A crater formed beneath her as cobblestones were ripped from the earth. Everything in a wide sphere around her was gradually being sucked into Luci’s orbit. Slowly, she turned. No, she didn’t turn. Rather, the world turned around her. The earth was above her head, the sky below, and those who’d hurt her were just before her.

With her body arced backwards like the crescent moon, with her hair flowing freely about her, its silver glow cutting through the darkness, she pointed Lunacogita at her enemies.

Before the earth and oceans, formed by chance,

Before the moon’s glow pierced the empty night,

All raged within a formless, dark expanse,

And all shall be once more by Wirsay’s might!

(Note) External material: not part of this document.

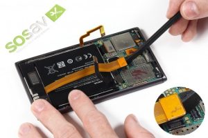 6) در این قسمت از کار تعویض حسگر اثر انگشت گوشی نوکیا، فلت باتری را از روی برد آزاد نمایید،

At once, the debris that rapidly orbited Luci was released. They howled through the sky and crashed into the street where she pointed. A patch of the Shanties vanished in a cloud of debris and carnage, pelted by meteor after meteor after meteor.

Luci laughed at the destruction. It was so easy, so absurd. So right.

This was her. This was what she could do when she was finally freed, and it felt so good to release all the tension that had been bearing her down for years.

Then her body stiffened. With a gasp, the rivers of enma that had been pouring from her soul cut off like a faucet. The world slipped out of her grasp. Enma fatigue had finally caught up with her. She lost her connection with Lunacogita, and now it was just a lump of glowing metal in her hands. It was heavy. She dropped it, and she fell with it.

Her mind was hazy. Fatigue was taking her. She could barely stay conscious as she plummeted towards the earth. She was heavy. Way too heavy. She’d used more enma than ever in her life and she couldn’t offset it any longer with whatever power she’d tapped into earlier. Vaguely, she realised that the fall would kill her.

Despite knowing this, Luci smiled on her way down. For the first time in her life, she’d let go. She’d been free. Too bad freedom was such a fleeting thing. The world would always catch up to you one day. Still, it was good while it lasted.

When she landed, the ground trembled.